Was he late? He flipped over, rubbed his eyes and checked the digital alarm clock on the bedside table. It flashed up 9:14. No, not late. It was the first day of the summer holidays and he didn’t have to collect Natalie, his daughter, until midday. The room was still dark but that was to be expected. Those old curtains were thick enough and dusty enough to block out the brightness of a thousand, fiery suns.

He was thirsty.

Rose was still asleep. She was lying on her front with her head turned away from him. It was a little chilly so he pulled the sheet up over her exposed back. He heard her purr softly and watched her snuggle in deeper. He stroked her long, black hair before getting up and making his way to the kitchen. He turned on the cold tap and let it run while he fetched a glass from the cabinet and the box of dispersible panadol.

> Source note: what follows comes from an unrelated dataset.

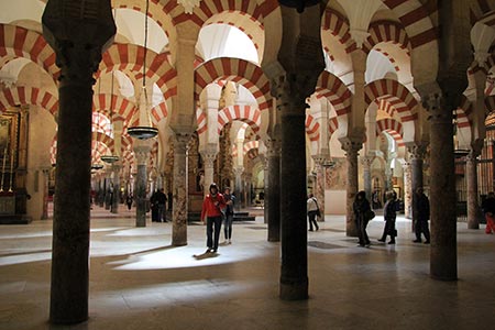 On the 18th of May we explored the many wonderful sights of Ronda. This is one of the famous hill towns of Andalusia and preserves a number of Moorish buildings, most famously the Arab Baths which we reached through a country path amongst beautiful spring flowers. The magnificent 18th Century Bridge across the Tajo Gorge is mesmerising. I also enjoy visiting the Museum in the Mondragon House which has a good collection of artefacts from the local area. The following day we continued our journey, stopping in the mediaeval town of Antequera to see the fantastic megalithic dolmen tombs, built in the 3rd Millennium BC. We arrived in Cordoba in the afternoon and went for a walk around the Great Mosque. Built in the 8th Century it dominates the old quarter - our hotel was directly next to the mosque.

He filled the glass, plopped in two tablets and watched them fizz as he pieced together the night before.

When the school bell had gone at 3.30, the kids went running and screaming out into the sunshine. Nick was in the pub by four and stayed until nine: five pints, max. He met Rose for dinner, hit two more bars and was in the club by 1am: pretty drunk. Cab home at 4am and that was that, right? Just a hangover, then. But it didn’t feel like a hangover.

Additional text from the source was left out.